Realizing How a Single Moment Can Abruptly End a Series of Good Memories

Ruth Shikanov

As a kid, I loved summer. 

I would go to summer camp with sunscreen smeared all over my face and a backpack barely zipped up, a large beach towel and swim goggles poked through. Typically, my family and I would have a trip in August and our vacations always meant good food, overpriced souvenirs and plenty of sightseeing. Always eager to play outside, I’d pry open our old and tricky backyard door and as it swung open, I would run towards the tree I had climbed over and over again. Nestled comfortably between a couple branches, I would get lost in my imagination, listening to all the sounds of my backyard and beyond; my neighbor’s restless schnauzer; parties of birds flying overhead; the sound of water trickling slowly onto the pavement from our bright green garden hose. 

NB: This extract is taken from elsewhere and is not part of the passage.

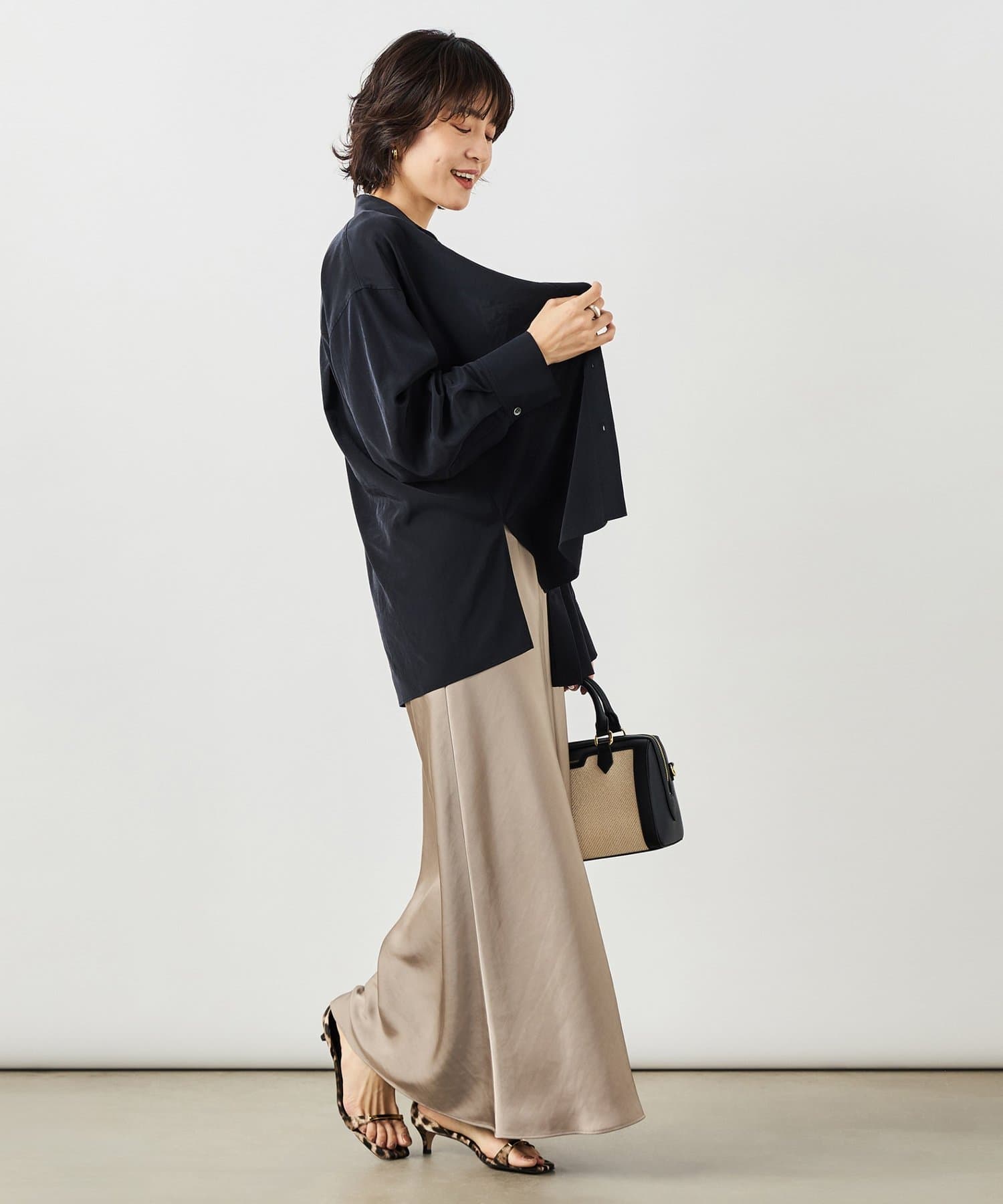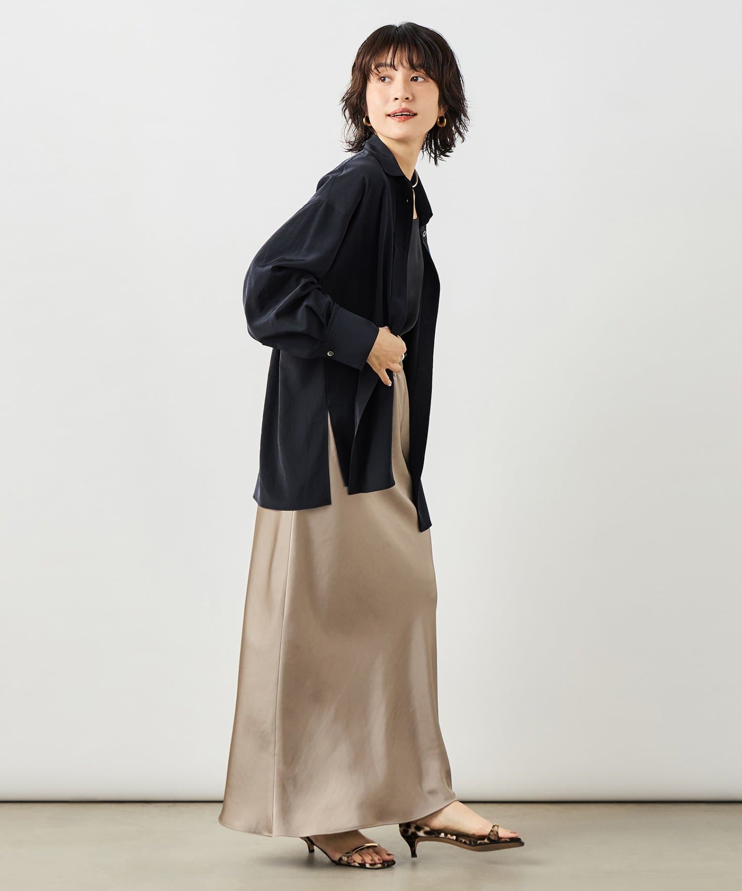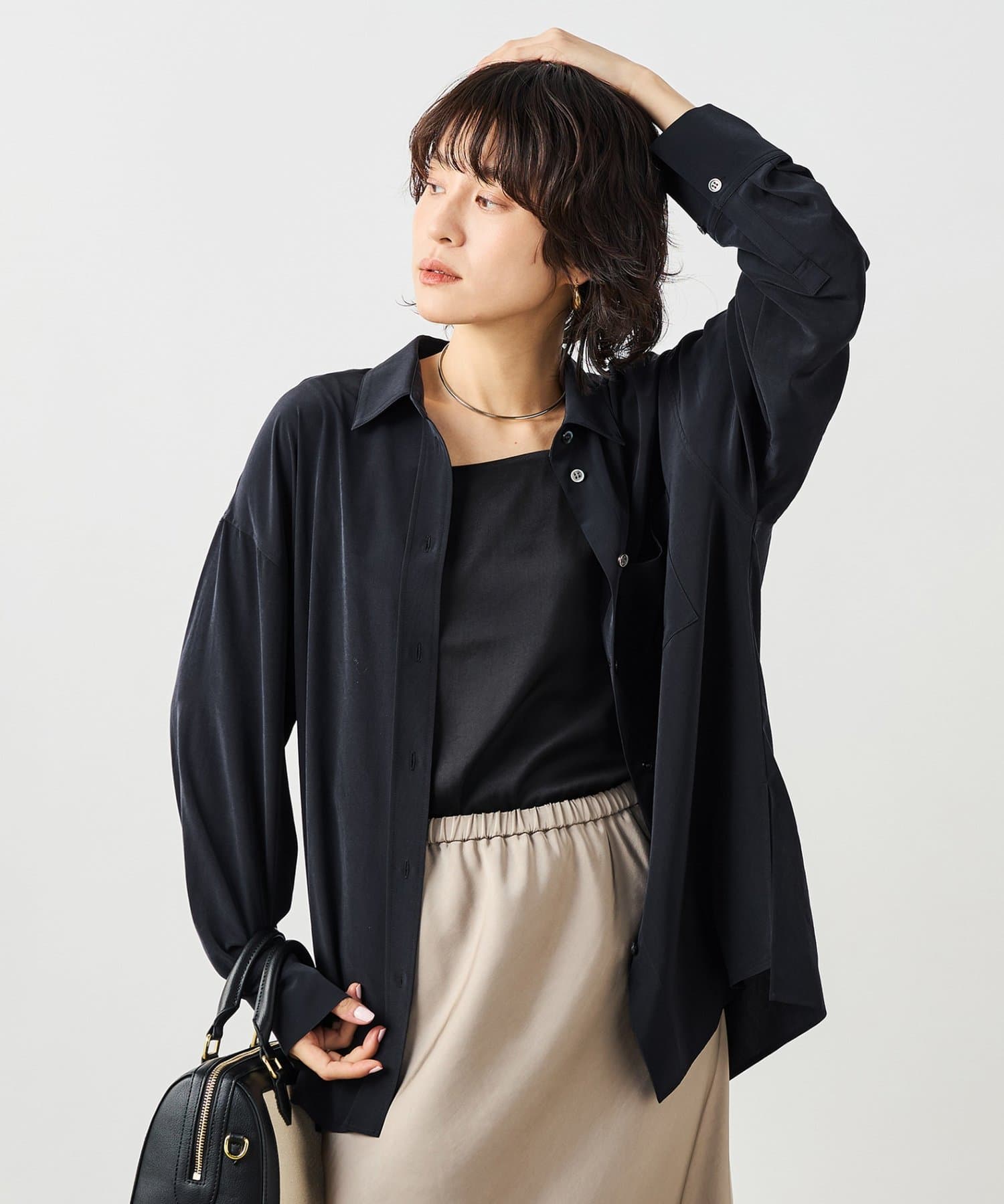 ・ほどよくゆとりのあるサイジングと、長めの着丈で羽織るだけで大人な雰囲気に

But eventually, I grew out of summer camp, or rather it grew out of me. Accepting it was my last year as a camper at 11 years old, I felt the magic of summer slip away. I trudged forward with the summer while it lasted, with daily trips to the pool and popsicles melting all over my skin.

As much as I loved being outside and feeling the warm rays on my skin, something I never liked about summer was the humidity, especially during the night. 

As the sun would set, I would lie in my bed with my sheets parallel to me — it was always too hot to actually sleep under them. Overheated and bored, I focused on the sounds of crickets and frogs which echoed in my room. Frustrated that their sounds kept me up, I tried to think of anything that would put me to sleep. I counted sheep and imagined what a perfect day would be. I even stole one of my mom’s old sleeping masks, but despised how the fabric felt on my face. By now, the simple task of falling asleep was deemed impossible; I was still wide awake. Accepting defeat, I sat up and stared into the backyard. It was dark, but I could still see the pond, seeing the swarm of lightning bugs illuminate the water. Tilting my head up, I traced an outline of the large tree centered right in the center of the backyard with my eyes. The chirps of the crickets and croaks of the frogs grew even louder. 

Suddenly, I felt sick. To be honest, I don’t really know what happened. But I remember feeling like there was a heavy weight on my chest and breathing became difficult. It felt like all the childlike innocence in me evaporated.